Guns cleared leather and immediately the night was shaking to the thunder of gunfire. The Dead Men stood in a line and fired calmly, making every bullet count. Shots to the legs to slow them down, to the chests to drive them back, and to the heads to give them a death they wouldn’t be walking away from. Bullets were easier than magic when it came to zombies. Quicker, too. Even the skeletons, those without a brain, went down when a bullet shattered their skulls.
Bone fragments flew. Rotten flesh burst.
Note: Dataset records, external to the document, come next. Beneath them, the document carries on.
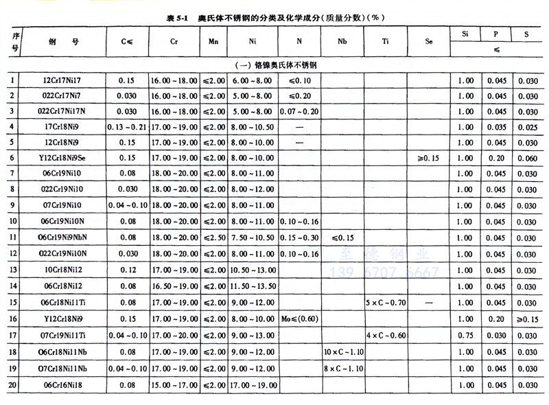 奧(ao)氏體不銹(xiu)(xiu)(xiu)鋼(gang)是不銹(xiu)(xiu)(xiu)鋼(gang)中(zhong)品種最多的,也是應(ying)用(yong)最廣泛的,在(zai)GB/T20878中(zhong)共有66種。本書(shu)按其化學成分和(he)(he)用(yong)途(tu)分為鉻鎳奧(ao)氏體不銹(xiu)(xiu)(xiu)鋼(gang)、鉻猛氮奧(ao)氏體不銹(xiu)(xiu)(xiu)鋼(gang)、鉬硅銅奧(ao)氏體不銹(xiu)(xiu)(xiu)鋼(gang)和(he)(he)耐(nai)熱奧(ao)氏體不銹(xiu)(xiu)(xiu)鋼(gang)。其分類和(he)(he)化學成分見(jian)表5-1。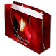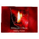 The reflected flame of a single red candle glows brightly on the front of this design, covered in a look of textured foil in a deep, deep red. "Wishing You A Blessed Holiday Season" is in a pale gold script font on the picture, front and back. The red candle, its flame and reflected flame and star-filled black and red muzzy background blend into a background of deep red foil.. The inscription, "Wishing You A Blessed Holiday Season" can be edited easily to anything you like. Just hit "Personalize" and get started. Or delete it entirely, if you prefer.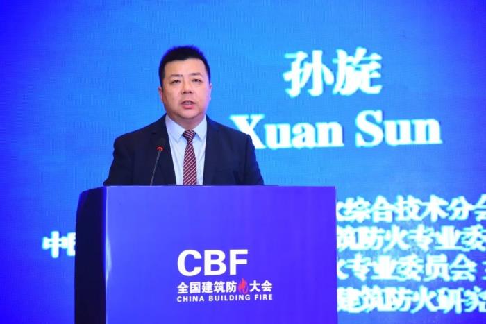 中国建筑学会建筑防火综合技术分会理事长、中国工程建设标准化协会建筑防火专业委员会主任委员、中国消防协会建筑防火专业委员会主任委员、中国建筑科学研究院建筑防火研究所所长孙旋作题为《城市更新与新能源防火》的主旨报告,分析既有建筑改造和新能源应用的背景、安全问题及未来的解决思路。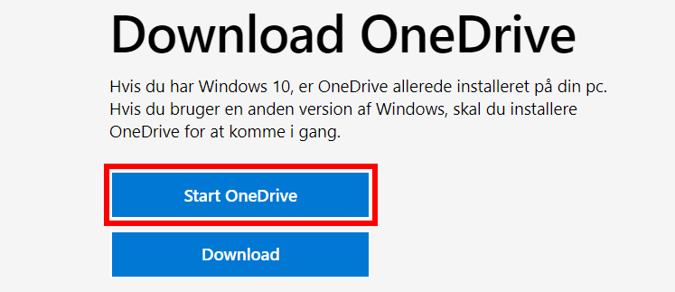 På computere med Windows 10 er OneDrive allerede installeret, så du skal bare logge ind, og så virker det. Start OneDrive ved at trykke på Windows-tasten og skrive OneDrive. Ellers gå til denne hjemmeside og tryk Start OneDrive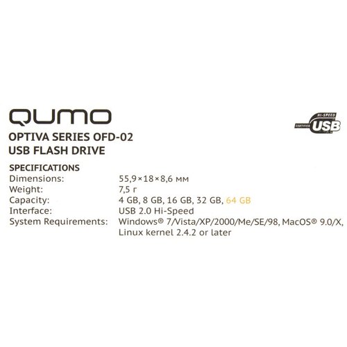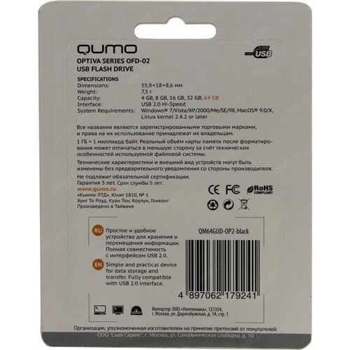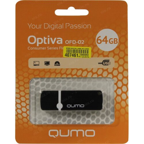Носитель информации USB 2.0 QUMO 64GB Optiva 02 Black [QM64GUD-OP2-black] | НИКС Екатеринбург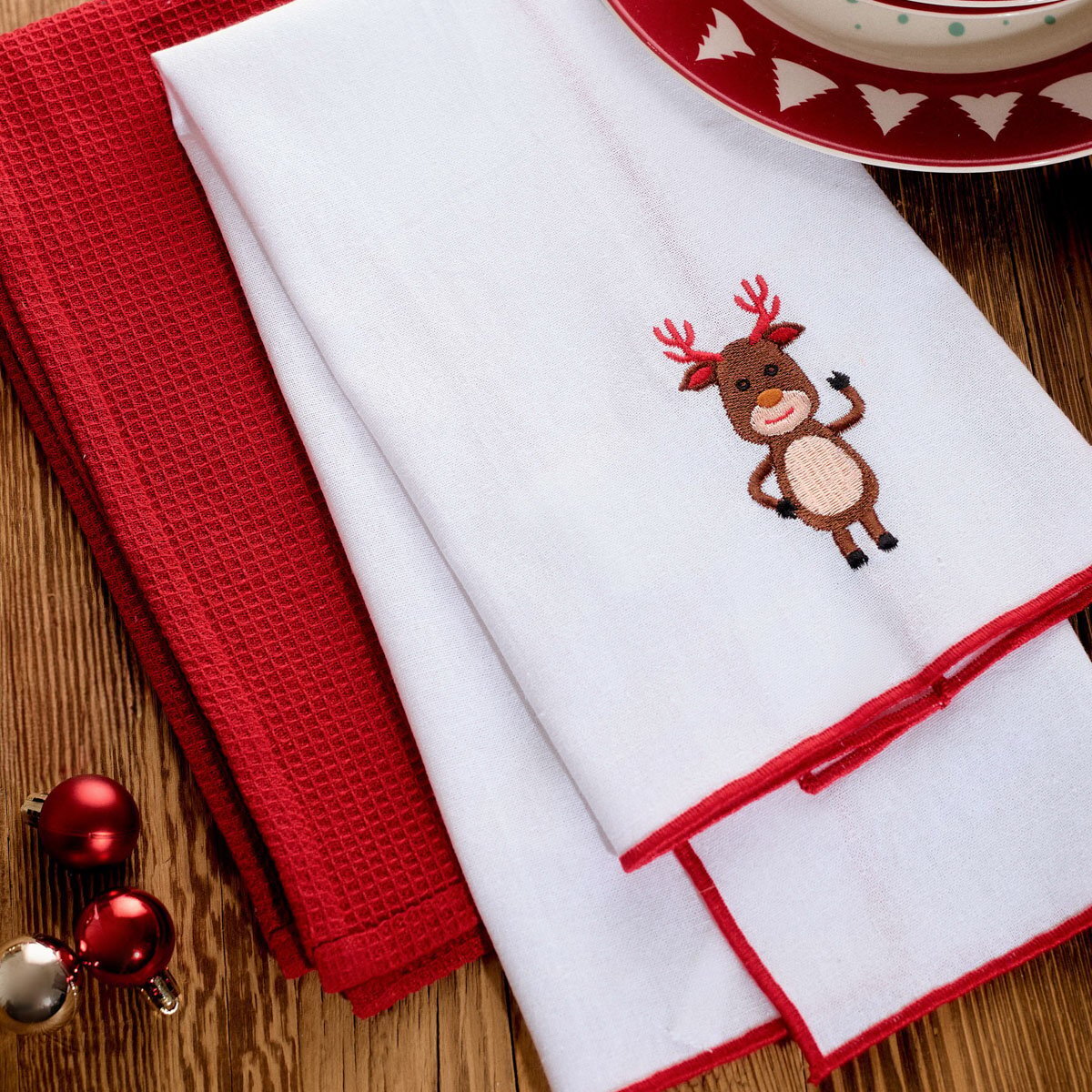 Sada vánočních kuchyňských utěrek | RUE | s výšivkou a lemem | 2*45x65 cm | 706721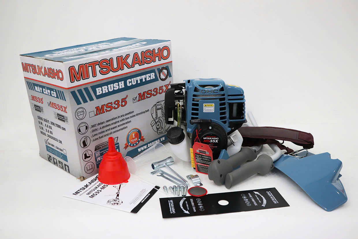 - Máy cắt cỏ Mitsukaisho MS35X 1000W Xanh dương 4 thì sản xuất trên công nghệ hiện đại của Nhật Bản tiết kiệm nhiên liệu.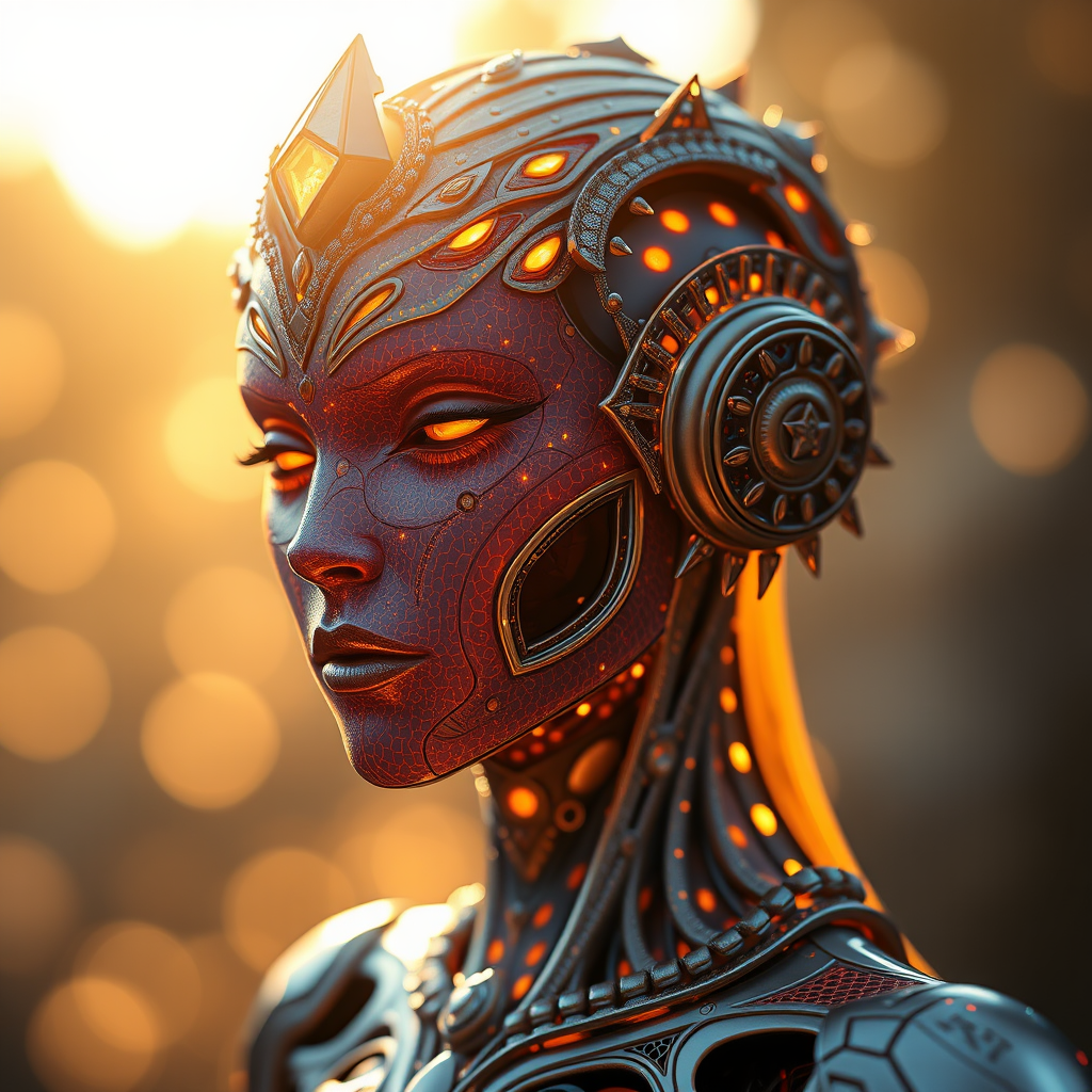 Hyper-realistic medium shot portrait featuring a hyperdimensional artificial humanoid being with stunning intricately detailed design. The being exhibits regularly textured bioluminescent skin that shimmers beautifully, enhanced by ornate, hyper-futuristic elements. The character appears bathed in the warm glow of the golden hour, surrounded by a soft bokeh effect that adds depth and atmosphere. This digital art piece is beautifully rendered, drawing inspiration from the artistic styles of Tooth Wu, Wlop, Android Jones, Beetle, and Greg Rutkowski. The overall aesthetic is both otherworldly and mesmerizing, capturing a sense of serene elegance and advanced technology.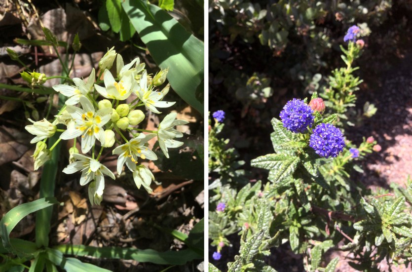 Left: Fremont Star Lily. Right: California Mountain Lilac. Fremont Peak State Park, CA

Soon enough the Dead Men were standing in a cloud of acrid gunsmoke, and still the zombies came.
“Reloading,” Vex said, taking one step back. The other Dead Men closed in, filling the gap. When his guns were ready, Vex said, “Firing,” and stepped into the space that was immediately made for him.
That’s how they went, the Dead Men, doing this dance, covering for their partners. Guns got hot and fingers got singed, and still they fired and reloaded and fired, and still the zombies came.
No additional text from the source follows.